Another important security practice SharePoint employs is to limit the types of files that can be uploaded. You can find the list of blocked files by clicking the Define blocked file types link. SharePoint 2007 also had a blocked file list, and it’s largely the same in SharePoint 2010. Out of the box, SharePoint 2010 blocks nearly 100 file types, but you can add your own to the list by entering the extension of the file type. This is configured per web application, so if you have more than one web application you can have a different set of files blocked for each.

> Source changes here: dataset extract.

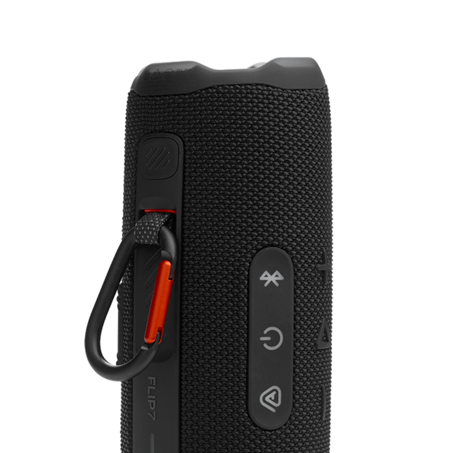 The JBL Flip 7 is a rugged, portable Bluetooth speaker delivering bold JBL Pro Sound enhanced by AI Sound Boost. It features a redesigned tweeter for clearer highs and an upgraded tweeter dome, plus a new PushLock interchangeable attachment system. With up to 16 hours of playtime (14 hours standard + 2 hours via Playtime Boost), IP68 waterproof, dustproof, and drop-proof design, support for USB-C lossless playback, and multi-speaker pairing via Auracast™, it's built for all environmentssindoor or out. The enclosure also incorporates recycled materials and is managed via the JBL Portable app.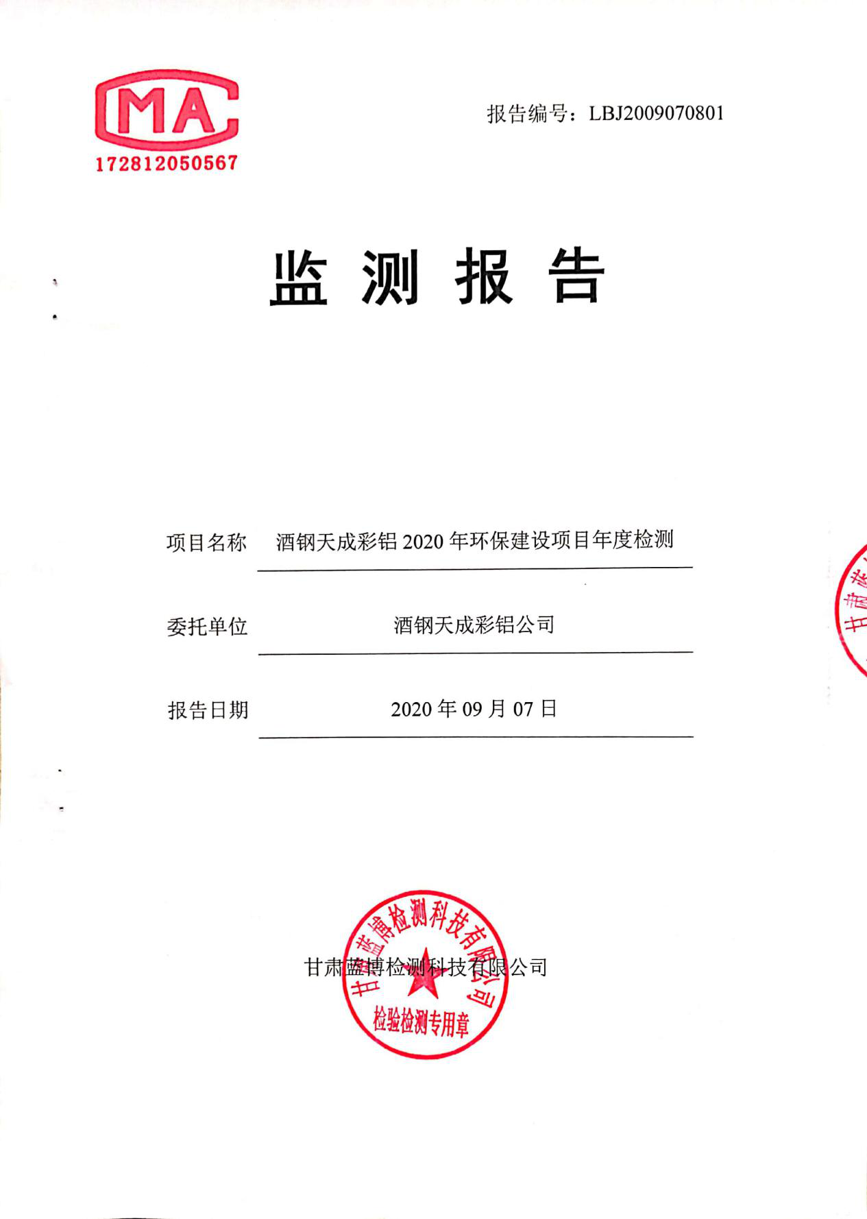 | 監(jiān)測(cè)數(shù)據(jù) | 詳見(jiàn)甘肅酒鋼天成彩鋁有限責(zé)任公司2020年土壤環(huán)境檢測(cè)報(bào)告,批號(hào):LBJ2009070801 | |||

The last major link in the General Security subcategory is Manage web part security. This page enables you to configure how users are allowed to interact with aspects of Web Parts. As in previous SharePoint versions, Web Parts are still one of the building blocks for providing information on a SharePoint page; and also like previous versions, many of those Web Parts can be connected to provide and consume data from one another, allowing for dynamic presentation of content. You can choose to disable the Web Part connections option (its default is enabled), and specify whether or not they are allowed to access the Online Web Part Gallery, which contains Web Parts developed by Microsoft and potentially other third-party vendors. If you choose to allow users to access the Online Web Part Gallery, you may need to modify the web.config file to allow the server access to outside galleries. Finally, on this page you can allow your users to edit scriptable Web Parts; and you can restore the default settings if necessary. Again, these settings can be changed per web application.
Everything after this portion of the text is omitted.